The proportion of agreement for scoring functional ability at the item level ranged from 0.43 to 0.64 and proportion of agreement $\pm 1$ ranged from 0.56 to 0.96 (Table 3). Agreement based on SEM values for performance time at the item level ranged from 0.32 to 19.30, with greater differences found for scoring items 1 and 4 through 12 (Table 3). Standard error of measurement values for total scores was 0.33 for functional ability and 6.49 for performance time (Table 4). Larger differences for scoring performance time occurred where there were differences between raters in assigning participant performance to level A or level B tasks.

Intra-rater reliability and agreement

High levels of reliability were found for item-level (Table 3) and total (Table 4) functional ability and performance time, with ICCs above 0.9. The proportion of agreement ranged from 0.57 to 0.86 and proportion of agreement $\pm 1$ ranged from 0.90 to 1 for functional ability scores at the item level (Table 3). Agreement based on SEM values for item-level performance time ranged from 0.07 to 9.29, with greater differences found for scoring items 3, 4, 5, 9, 11 and 12 (Table 3). Standard error of measurement values for total scores were 0.19 for functional ability and 3.64 for performance time (Table 4).

Internal consistency

Internal consistency values for functional ability and performance time for both assessment points were above 0.9 (Table 4).

Discussion

This study estimated the psychometric properties of the gWMFT in a cohort of individuals with stroke and compared the results between scoring through direct observation and using video. Excellent inter-rater reliability was found for the FAS and performance time, and adequate agreement was found for scoring functional ability through direct observation and by video. However, unacceptable measurement error was found for scoring performance time. Excellent reliability was also found for intra-rater analyses. This is the first reported study to investigate the reliability and agreement properties of the gWMFT in the sub-acute phase of stroke. With limited psychometric evaluation existing, the ability to compare this study to previous literature is limited.

Substantial floor effects were found for performance time, with a high proportion of scores clustering at the maximum performance time allowed. Floor effects for the FAS were found by both raters at T1, and at both testing sessions at T2. Comparable findings were found for the WMFT when used with lower-functioning participants, with five participants unable to complete any item within 120 seconds (Thompson-Butel et al., 2015). Lin et al. (2009) found floor effects for the WMFT FAS when applied within 14 days of stroke onset. A large proportion of the current sample were unable to attempt all test items. With no recorded item available to score, participants scored 120 seconds and zero on the FAS. The pilot study, from which this sample was derived, did not preclude individuals with more severe upper limb impairment from recruitment procedures, potentially explaining the floor effects found. With participants demonstrating varying degrees of upper limb function, the gWMFT was not able to sensitively measure the range of motor capabilities exhibited.

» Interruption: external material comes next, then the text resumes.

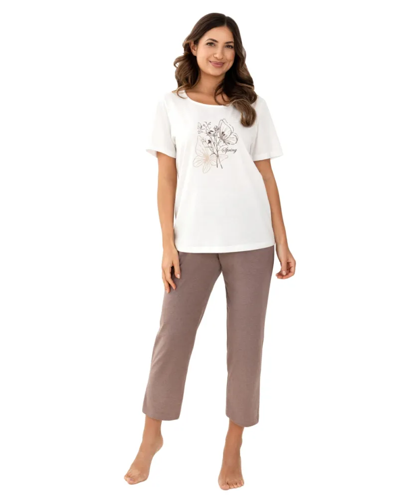 Dámské pyžamo 739/62 značky REGINA představuje spojení elegance a pohodlí, které ocení každá žena toužící po kvalitním odpočinku. Horní díl v bílé barvě zdobí jemný květinový motiv, jenž dodává celku sofistikovaný vzhled. Díky volnému střihu s kulatým výstřihem a krátkými rukávy si užijete maximální komfort při každém pohybu. Spodní díl v decentním hnědém odstínu je navržen jako dlouhé kalhoty se střihem pro pocit lehkosti i během klidných domácích večerů.

The high levels of inter-rater reliability found between raters scoring through direct observation and by video indicates that scoring by video may not be a necessary adjunct. This was further substantiated by adequate agreement found between raters for scoring functional ability. While agreement for total FAS scores was adequate, exact agreement was poor across all items. The SEM for performance time highlighted greater discrepancies between raters. Examination of scores at the item level highlighted rater variations in assigning participant performance to level A or level B. Examining agreement at the item level, SEM values greater than 9 seconds were found for 10 items. Whilst the raters underwent training separately, the training content was consistent for both. This comprised reading the manual (Constraint Induced Movement Therapy Research Group, 2002), viewing training videos of an experienced occupational therapist administering the test with stroke survivors, and scoring in real time. This was augmented by a review of the scoring results with an experienced occupational therapist in a training session. In previous studies raters have been required to demonstrate approximate scoring to each other prior to study commencement (Morris et al., 2001; Whitall et al., 2006). This was not required in this study, potentially leading to measurement error and the disagreements demonstrated at the item level. Duff et al. (2015) recognised the issues of variability in ascribing the subjective aspects of the WMFT to patient performance and designed a quality process to ensure rater standardisation.

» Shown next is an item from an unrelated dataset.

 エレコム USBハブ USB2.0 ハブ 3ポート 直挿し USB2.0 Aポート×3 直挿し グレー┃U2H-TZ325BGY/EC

Excellent intra-rater reliability for total and item-level functional ability and performance time were found, indicating consistent scoring by one rater, over a 1-month interval. Intra-rater SEM values for functional ability displayed minimal variation between scoring sessions, indicating a good level of agreement. Adequate agreement was found for nine test items, with proportion of agreement greater than 0.7. However, similar to inter-rater agreement analyses, there were unacceptable differences in scoring performance time at both the item level and for total scores.

A previous study has reported good agreement between videotaped and observed scoring for the WMFT based on ICC_2,1 agreement factor (greater than 0.9) (Whitall et al., 2006). However, the ICC is not a recommended agreement parameter, potentially obscuring the presence of wider variability (Kottner et al., 2011). Whilst differences in scoring modality may have impacted on rater differences in the current study, unacceptable measurement error was found for scoring performance time using video alone. This indicates the presence of additional factors impacting on measurement error. The study authors consider this the result of differences in accurately differentiating between a level A and level B performance by participants.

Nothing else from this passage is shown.